Вначале глагол сказал воспринимается в тексте формульным — сухим, безгласым, мертвым. «И он ему сказал». «И он ему сказал». «И он сказал». Поначалу кажется, что его функция формально стилистическая, предикативная и, главным образом, констатирующая: это словно бы перечислительный ряд тех «слов от автора», сказуемых-предикатов, которые были изъяты из диалогового общения беседующих персонажей ранее (в I— IV главах). Но вскоре в потоке формул «сказал» появляется нечто иное: «Слова на ветер», усеченный фразеологизм, который словно бы отражает «движенье вспять» [Бродский, 1998, с. 256], уже свершившееся (ретро)со-бытие поэмы: «Но, так сказать, / сказал "сказал" сказать совсем не то, что / он сам сказал» [Бродский, 1998, с. 262]. Ранее, как помним, (в главе четвертой) Горчаков не открыл в своем «докладе» врачам о соседе по палате ничего, что могло бы обнажить (дезавуировать) сущность личности Горбунова. И фразеологический оборот слова на ветер словно обобщает, итожит предшествующее, акцентирует именно это качество «доноса» Горчакова. Следом, почти как заключение врачей, звучит констатирующая фраза: «и время занял» [Бродский, 1998, с. 262]. Соседство, казалось бы, «бессмысленных» слов начинает выкристаллизовывать некий смысл. По мере констатации ранее уже свершившихся в поэме событий, которые теперь не называются, но перечисляются — «Сказал». «Сказал». «Сказал». «Сказал». «Сказал» [Бродский, 1998, с. 263] — глагол у Бродского начинает обретать некий мистико-метафорический смысл (символический для поэта), который получает свою физическую плоть: «Но раз сказал — предмет, / то так же относиться должно к он'у» [Бродский, 1998, с. 263]. Глагол, то есть слово, обретает у Бродского плотскость, предметность. Из слова-глагола сказал превращается в опредмеченный субстантив он, точнее, по мысли одного из неатрибутированных голосов, к нему следует относиться как к он'у, то есть как к живому, одухотворенному, субстантивированному. И
далее готовится персонификация, олицетворение, одушевление Глагола (обожествляемого глагола): «И он ему». «И он». «И он ему». / «И я готов считать, что вечер начат». / «И он ему». «И все это к тому, / что оба суть одно взаимно значат» [Бродский, 1998, с. 263]. Глагол сказал на основе «окказиональной синонимии» (от-Бродского) заменен личным местоимением он (ему), ассоциативно словно бы воспроизводя ранее слышанный диалог Горбунова и Горчакова, а в результате (на основе уже известных читателю событий-диалогов) подводя к выводу, что «оба суть одно взаимно значат», «нет различья» [Бродский, 1998, с. 263].
Важно обратить внимание: вначале глагол сказал и местоимение он (ему) пишутся с маленькой буквы.
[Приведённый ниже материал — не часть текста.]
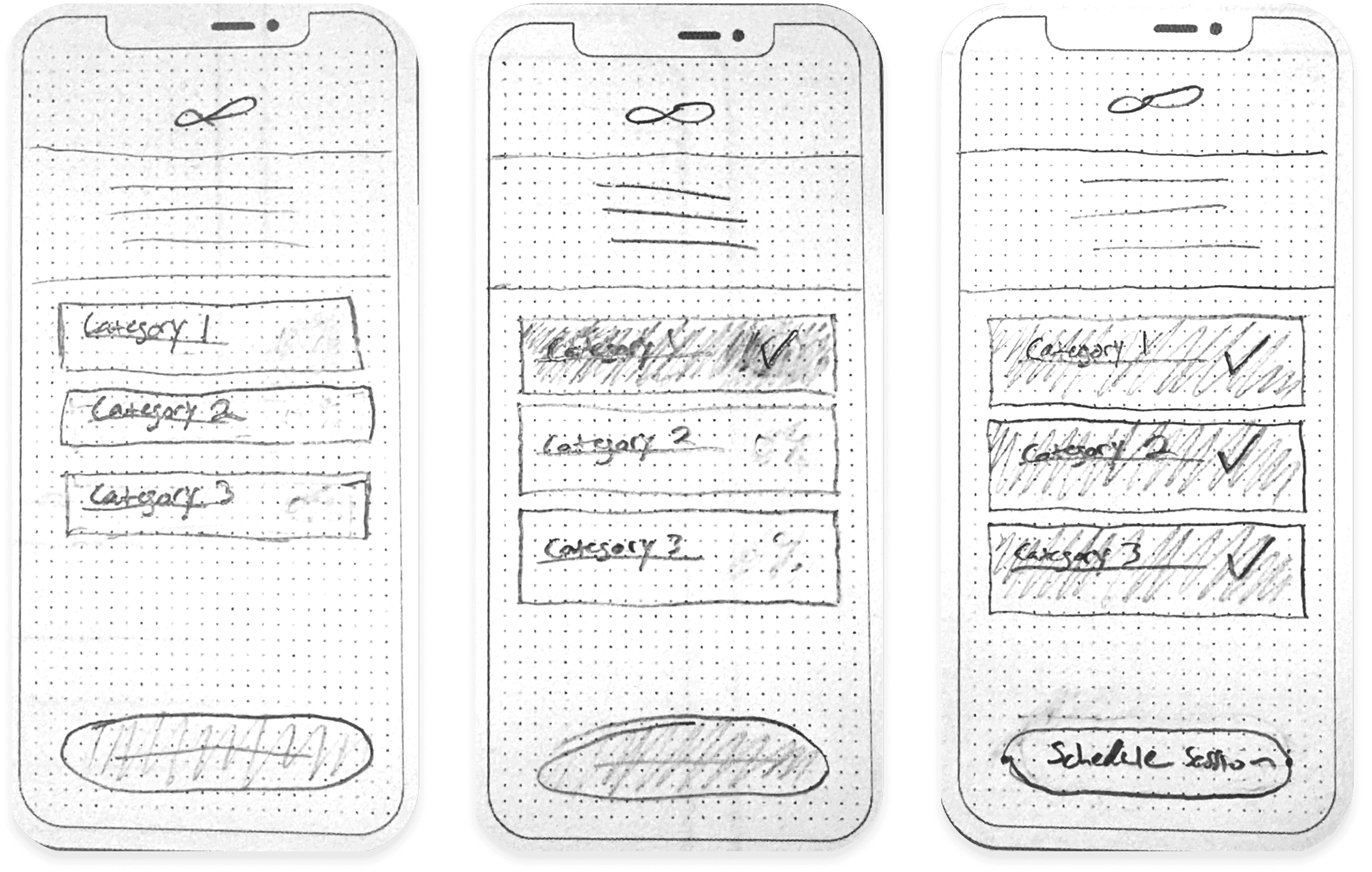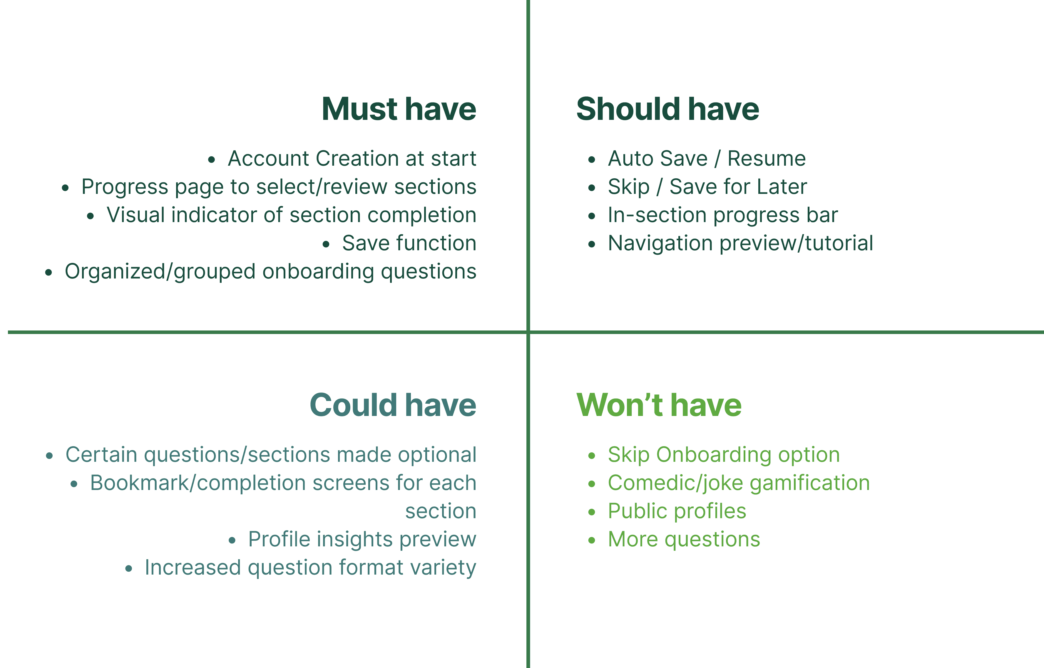 The only way a new central navigation screen would work for onboarding was if questions were categorized. This was our focus at the start of our re-design stage after our Feature Prioritization. We took the questions from the existing onboarding and broke them down into different stages, grouping questions that would feel connected for the user. Our re-organizing also meant moving the account setup stages to the start of the process to allow for the saving of progress for the user.
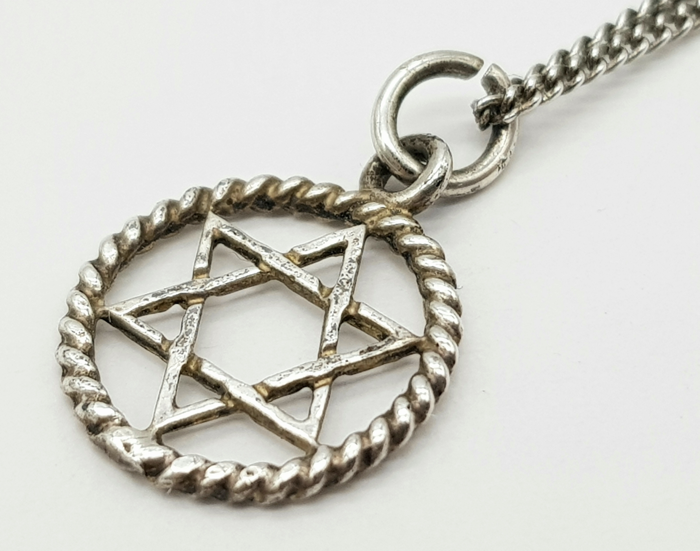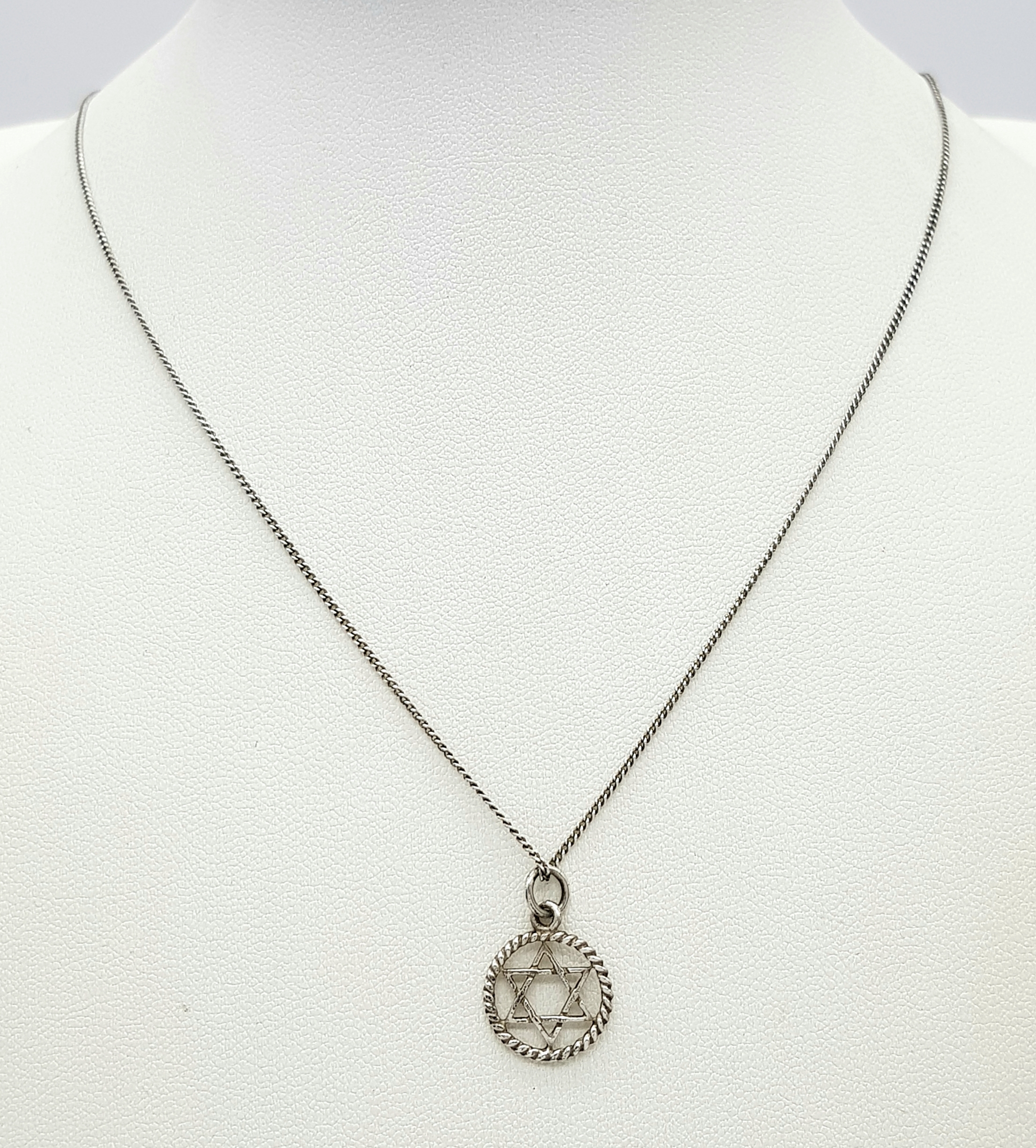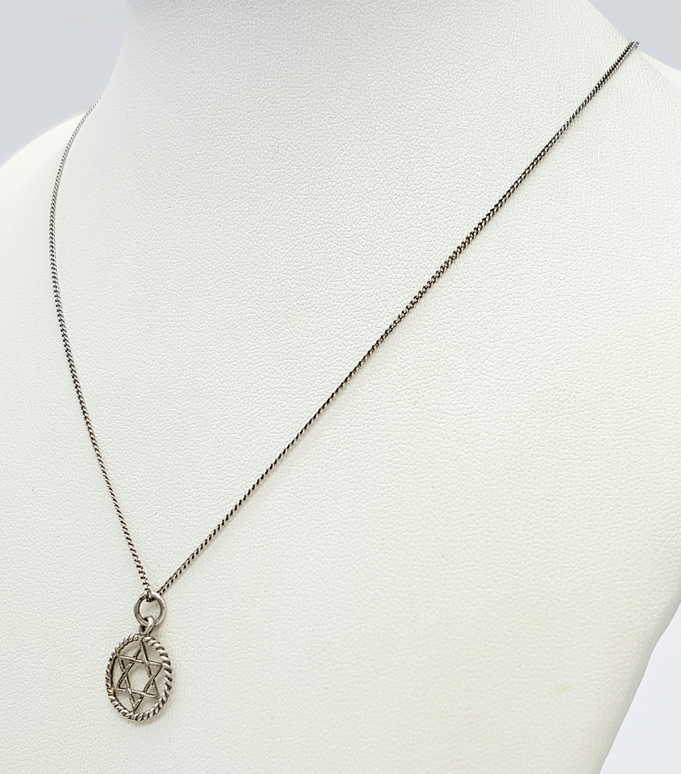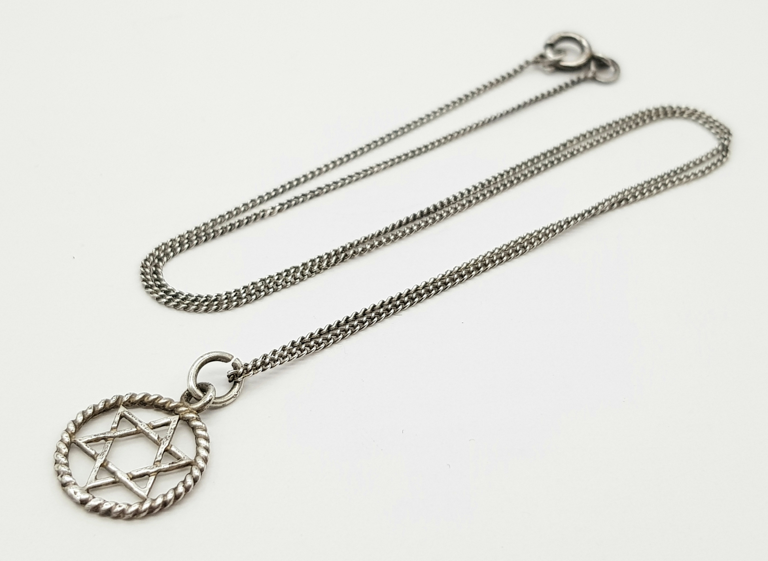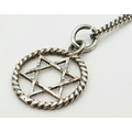 A vintage 925 silver Star of David pendant, set on a silver chain necklace. Total weight 2G. Total length 40cm.

Однако в какой момент невидимый нарратор дает точное определение, которое не всеми и не сразу воспринимается как дефиниция: «Да он ему — сказал» [Бродский, 1998, с. 263]. Пунктуационно приведенная фраза, весьма похожая на «авторские» слова, суммированные прежде, грамматически не требует постановки тире. Но Бродский ставит его, тем самым графически акцентируя номинативно-предикативную позицию обоих членов предложения: он и сказал. «Он <.> — сказал». Если обычно тире ставится между подлежащим и сказуемым при условии их грамматического и смыслового тождества (например, между подлежащим и сказуемым, выраженными существительными), то здесь задается обратный логический код: если поставлено тире, значит, соединенные им два компонента образуют некоторое единство, тождество, равенство. Он и сказал наделяются Бродским ролевой функцией главных членов (предложения, в частности, и главы / поэмы в целом). И следом оба слова (Слова) начинают писаться с большой буквы, обретая признаки имен существительных, и более того — имен собственных. «Да, собственное имя — концентрат» [Бродский, 1998, с. 264], — итожит нарратор. Теперь обе лексемы наделяются сущностью одушевленной, значением имени собственного и пишутся с прописной буквы: «И, внимая тому, что Он Сказал произнесет.» [Бродский, 1998, с. 264] или «И Он Сказал носился между туч.» [Бродский, 1998, с. 265].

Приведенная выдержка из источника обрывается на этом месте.